The Castlemaine Field Naturalist Club is renowned for the collective knowledge of natural history held by its members. The club was formed in 1976 and has produced regular monthly newsletters since its inception. These newsletters contain a record of club excursions, local flora and fauna observations and informative articles on the ecology and natural history of the Castlemaine district …. which of course includes Newstead!

Recently, one of the club’s members, Chris Timewell completed digitising the full set of newsletters. They are a wonderful resource, an absolute treasure trove of information that will prove extremely valuable in the future as we witness changes in our landscape resulting from natural and human induced events. I was particularly interested in observations of the Sandon area where our family lived from the mid-1980s until 2000. Suzanna Starr, a local resident of Sandon made regular contributions, with some notable records.

Sandon

For example in October 1991, Suzanna recorded Hooded Robin (now rare at Sandon) and White-throated Gerygone (a rarely recorded summer migrant), while around the same time, members of the Maryborough FNC observed Australian Pratincoles on the Moolort Plains.

Pratincoles

I’m planning to do some more systematic reading of this wonderful resource soon.

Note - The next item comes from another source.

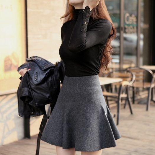 2015秋冬新款韓版品質(zhì)細毛線針織百搭半身裙荷葉邊百褶大擺短裙女 /
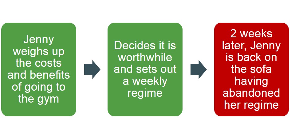 Below is an example of how this behavioural economics theory comes about. In this instancet Jenny has slipped out of her weekly regime for going to the gym and we have to assess whether she has chosen to stop this regime herself or whether it is a lack of self-control and discipline to keep the regime going.

The full digital set of newsletters can be accessed here.

3 responses to “A real treasure trove

  1. Looks like many hours of reading. How wonderful to have such a resource.

    I’ve congratulated them on the link you provided.

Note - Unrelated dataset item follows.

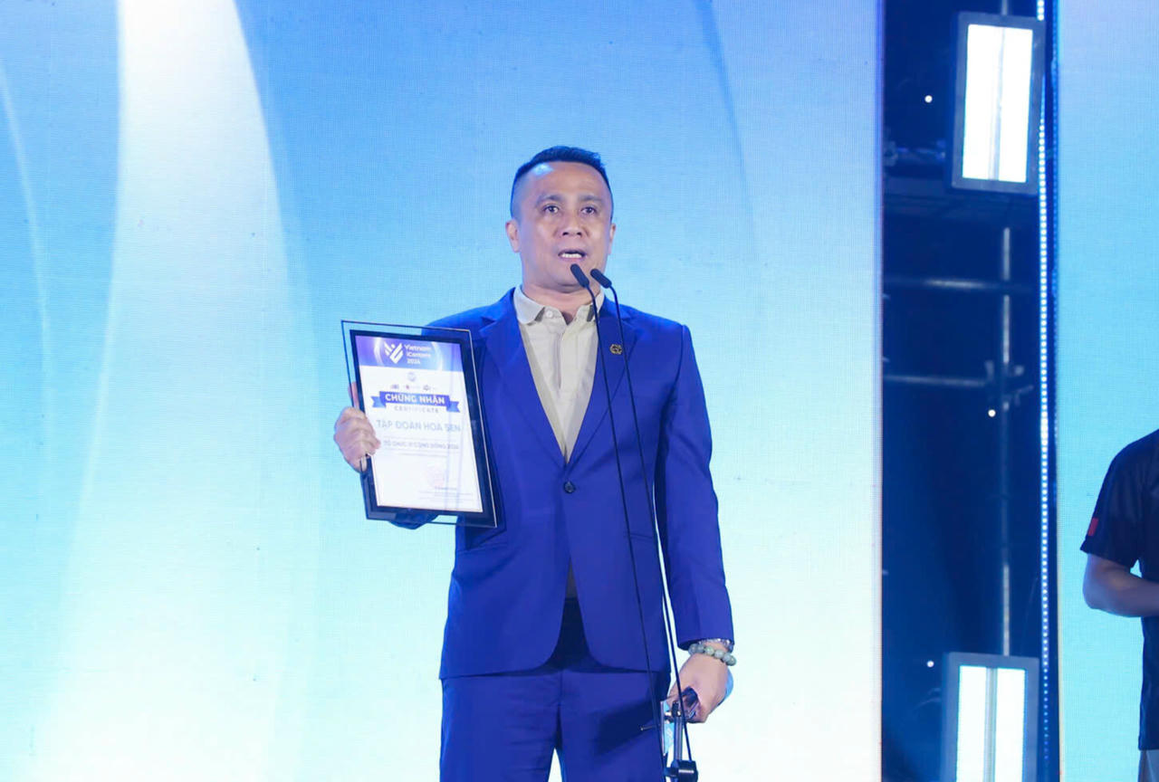 | Ông Trần Đình Tài - Phó Tổng Giám đốc Tập đoàn Hoa Sen (trái) nhận giải thưởng hạng mục "Tổ chức vì cộng đồng" Vietnam iContent Awards 2024. |

  2. Judy and Philip Hopley

    On Saturday, 30 January 2016, Natural Newstead wrote:

    > Geoff Park posted: “The Castlemaine Field Naturalist Club is renowned for > the collective knowledge of natural history held by its members. The club > was formed in 1976 and has produced regular monthly newsletters since its > inception. Theses newsletters contain a record of clu” >

  3. Hi Geoff (and Natural Newstead readers). Thanks for making people aware of the Castlemaine Field Naturalist Club newsletters. At the moment, we have about 70% of the newsletters digitised, and hope to complete the remainder over the next 2-3 months. The next job after that will be to compile an index of topics and survey sites. I have also been reading with fascination the monthly bird lists made by Suzanna Starr at her Sandon property – and I am also in the process of compiling a complete list of the species she saw there, and when. (2016 is the 40th year that the CFNC has been active – and there will be a birthday celebration during the year.) Cheers, Chris.